TASK OBJECTIVE: If an entry holds a picture, leave the picture out and copy the rest exactly.

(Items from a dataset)
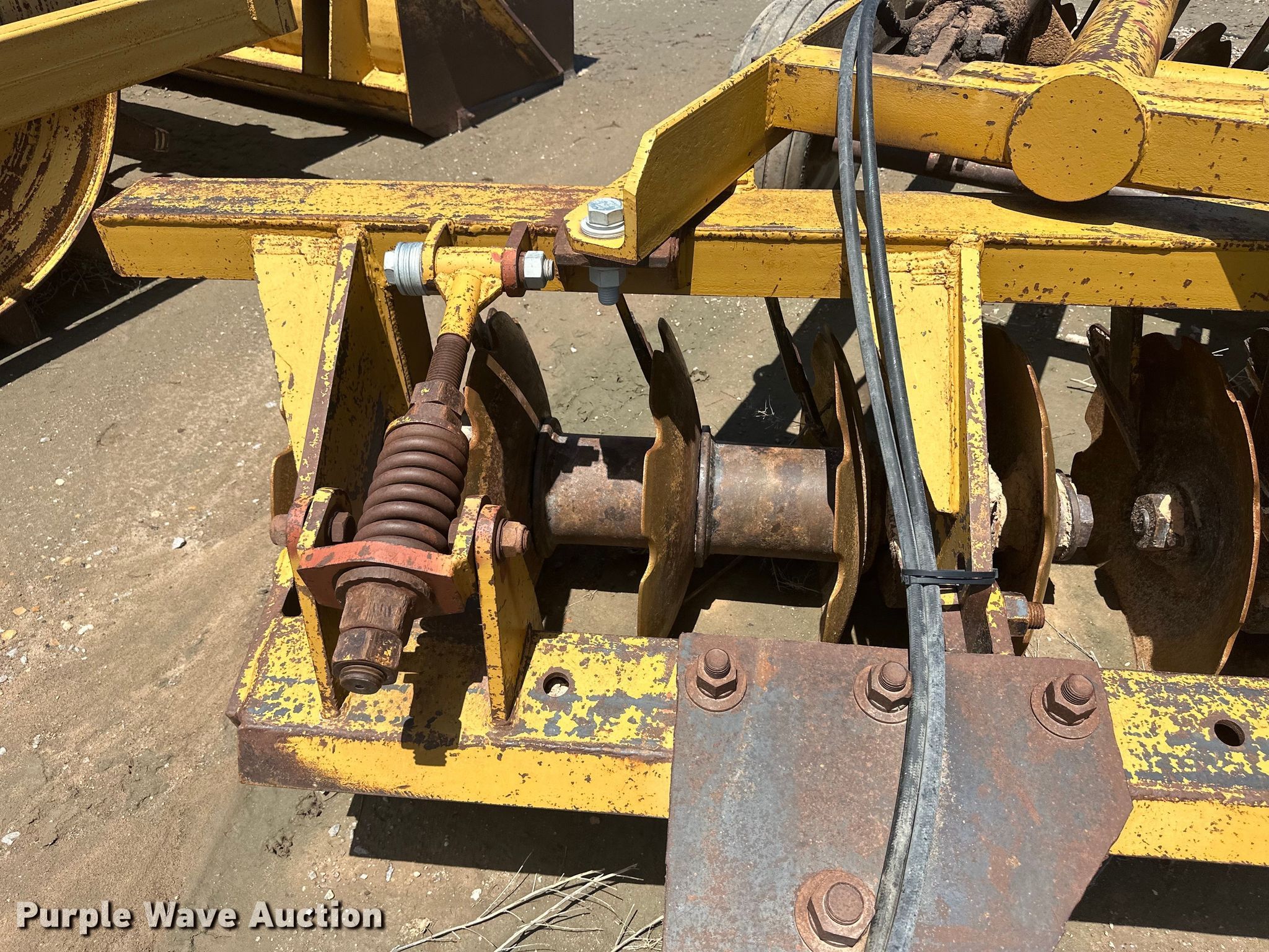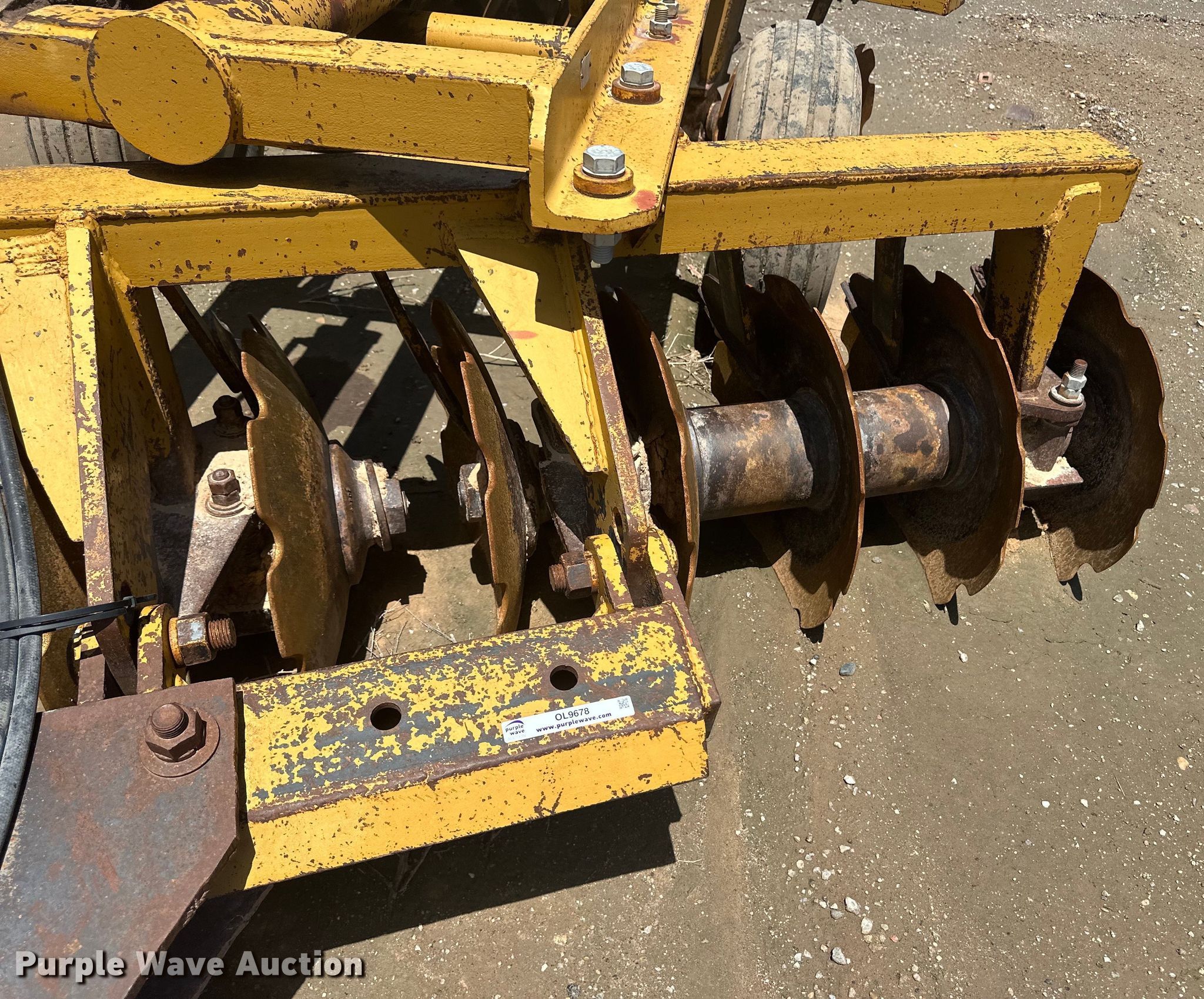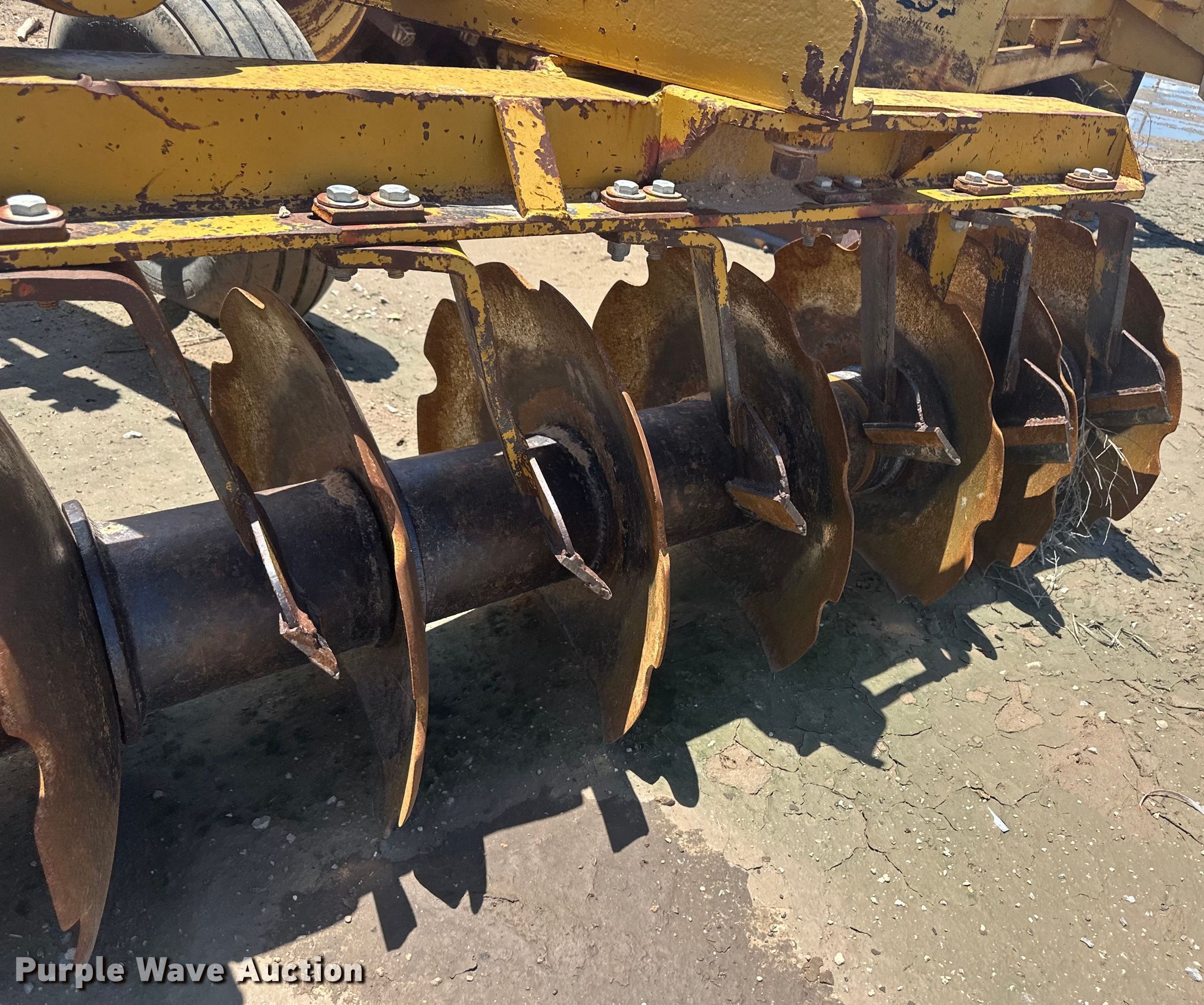Remco AW20S off-set disk. Overall width: 10', Serial: AW98-223. Features Front blades Diameter: 26", Spacing: 12", Rear blades Diameter: 26", Spacing: 12", Disk scrapers, Operation Hydraulic lift. Tires Tire size: 12.5L-15. Stoppel Dirt Inc.. Sublette, KS 67877
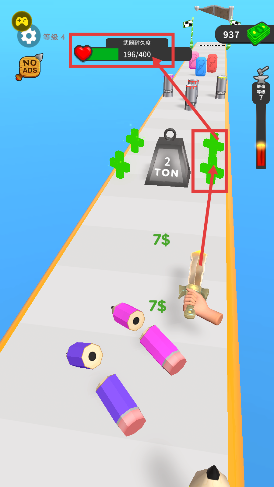 3、【武器耐久度-196/400】,锻造等级7,击碎绿色十字道具,补充资源并推进关卡。
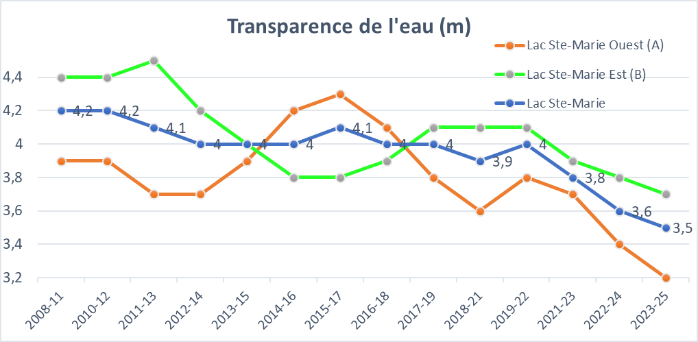 L’analyse des données recueillies à chacune des stations de surveillance montre que l’eau du lac Ste-Marie se dégrade de façon importante depuis 2015. Elle permet de situer l’état trophique du Lac Sainte-Marie à la limite de la zone de transition Oligo-mésotrophe et très près de la zone Mésotrophe. Notre lac présente des signes d’eutrophisation.
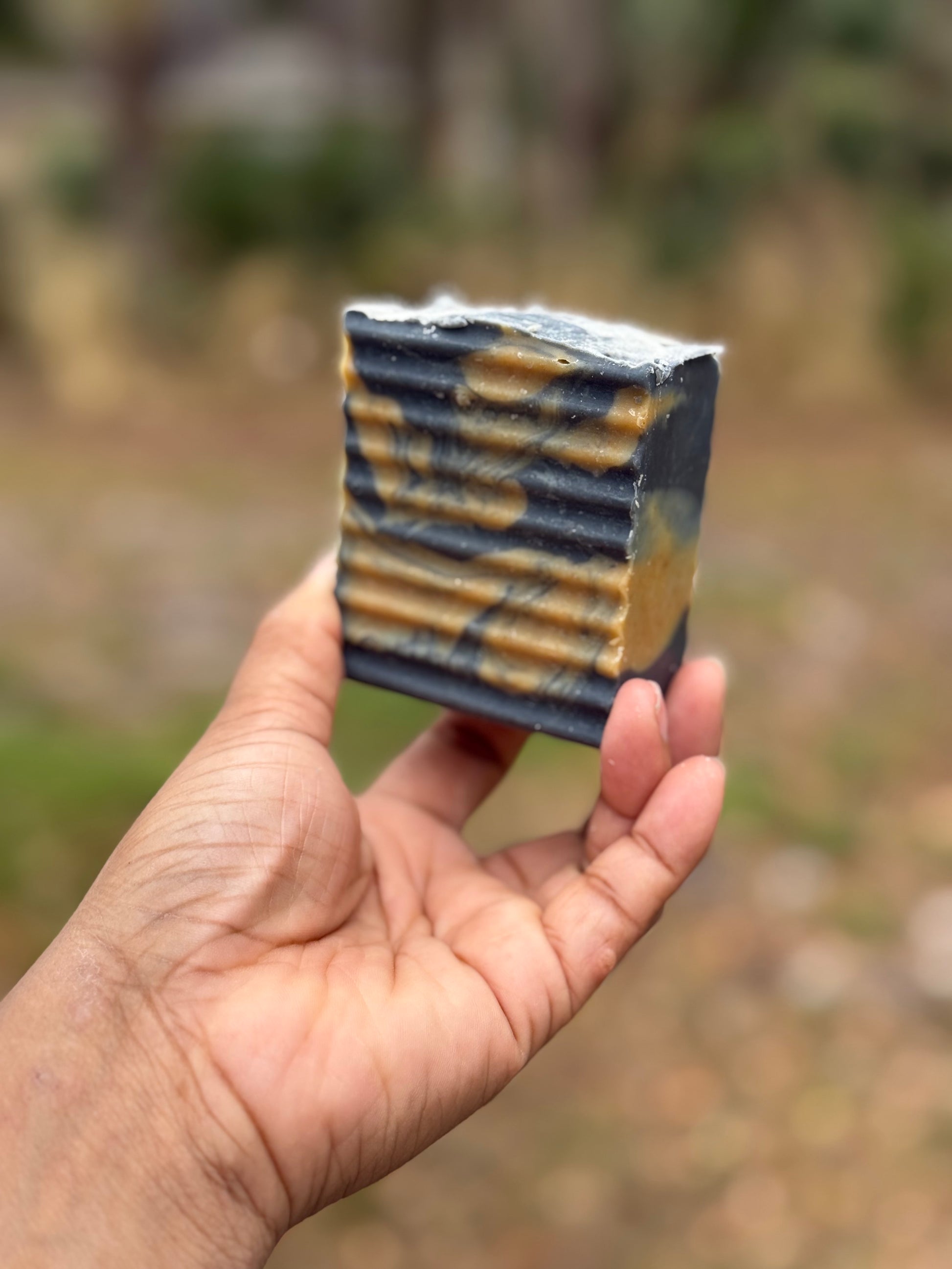 GOODIES USED- Distilled Water, Lye, Shea Butter, Mango Butter, Coconut Oil, Grapeseed Oil, Jojoba Oil, Sunflower Oil, Olive Oil, Activated Charcoal, Turmeric, and Honey.
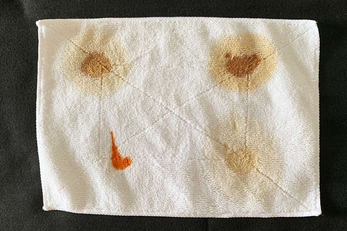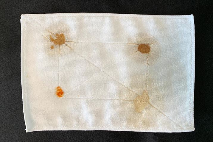 今回選んだものは、どちらの機種も洗濯時間が30分ということなので、同じ程度汚した布巾を使って、その洗浄具合を比較してみました。また、比較のために、30分のつけ置き洗いの結果も載せてあります。布巾はマイクロファイバータイプのもので、ウスターソース、しょう油、タバスコ、缶コーヒーをそれぞれスプーン1杯弱程度の量で汚しております。
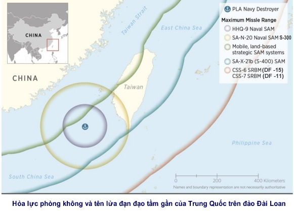 Lực lượng phòng không của Đài Loan khá mỏng, Đài Loan có 3 khẩu đội tên lửa Patrion PAC-2 (nâng cấp lên PAC-3), 6 khẩu đội Sky Bow và khoảng 20 khẩu đội MIM-23 HAWK, 24 khẩu đội súng phòng không Skyguard của Thụy Điển. Rõ ràng lực lượng này không đủ để đối phó với cuộc không kích ồ ạt của không quân Trung Quốc.
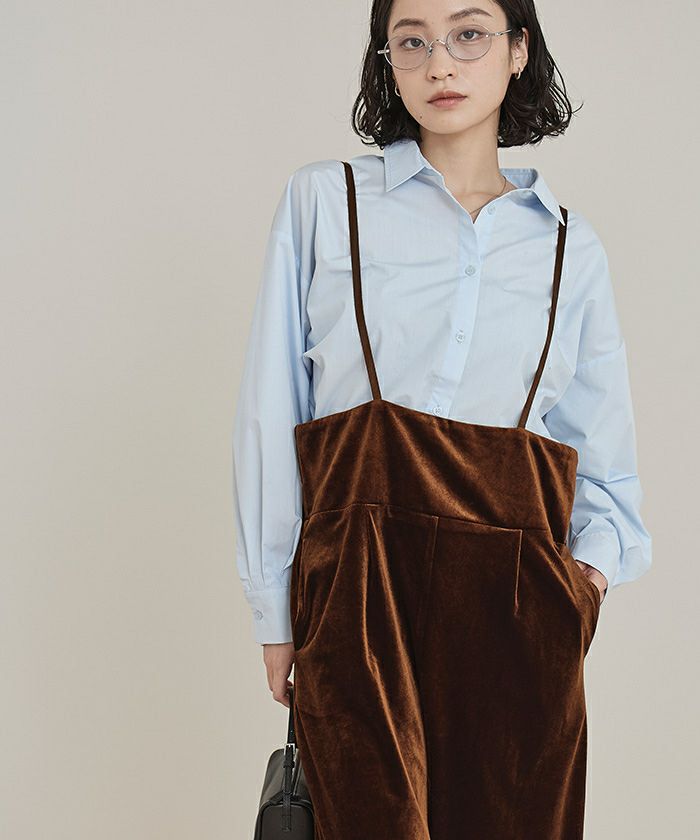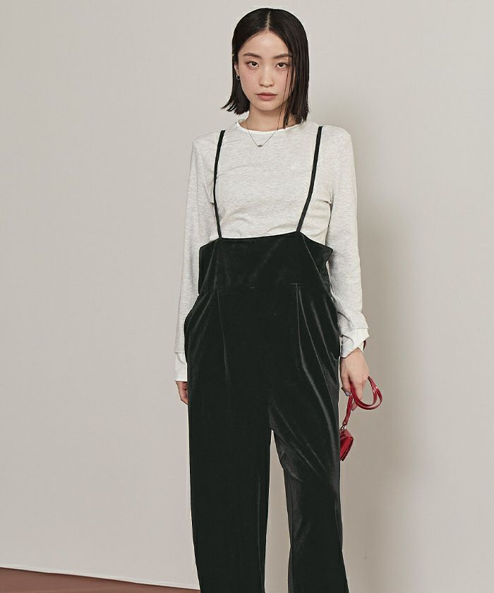 【低身長さん向けサイズ有り】【titivate】 フロントファスナーデザインデニムキャミソールサロペット

RESPONSE AREA:
Remco AW20S off-set disk. Overall width: 10', Serial: AW98-223. Features Front blades Diameter: 26", Spacing: 12", Rear blades Diameter: 26", Spacing: 12", Disk scrapers, Operation Hydraulic lift. Tires Tire size: 12.5L-15. Stoppel Dirt Inc.. Sublette, KS 67877
 3、【武器耐久度-196/400】,锻造等级7,击碎绿色十字道具,补充资源并推进关卡。
 L’analyse des données recueillies à chacune des stations de surveillance montre que l’eau du lac Ste-Marie se dégrade de façon importante depuis 2015. Elle permet de situer l’état trophique du Lac Sainte-Marie à la limite de la zone de transition Oligo-mésotrophe et très près de la zone Mésotrophe. Notre lac présente des signes d’eutrophisation.
 GOODIES USED- Distilled Water, Lye, Shea Butter, Mango Butter, Coconut Oil, Grapeseed Oil, Jojoba Oil, Sunflower Oil, Olive Oil, Activated Charcoal, Turmeric, and Honey.
 今回選んだものは、どちらの機種も洗濯時間が30分ということなので、同じ程度汚した布巾を使って、その洗浄具合を比較してみました。また、比較のために、30分のつけ置き洗いの結果も載せてあります。布巾はマイクロファイバータイプのもので、ウスターソース、しょう油、タバスコ、缶コーヒーをそれぞれスプーン1杯弱程度の量で汚しております。
 Lực lượng phòng không của Đài Loan khá mỏng, Đài Loan có 3 khẩu đội tên lửa Patrion PAC-2 (nâng cấp lên PAC-3), 6 khẩu đội Sky Bow và khoảng 20 khẩu đội MIM-23 HAWK, 24 khẩu đội súng phòng không Skyguard của Thụy Điển. Rõ ràng lực lượng này không đủ để đối phó với cuộc không kích ồ ạt của không quân Trung Quốc.
 【低身長さん向けサイズ有り】【titivate】 フロントファスナーデザインデニムキャミソールサロペット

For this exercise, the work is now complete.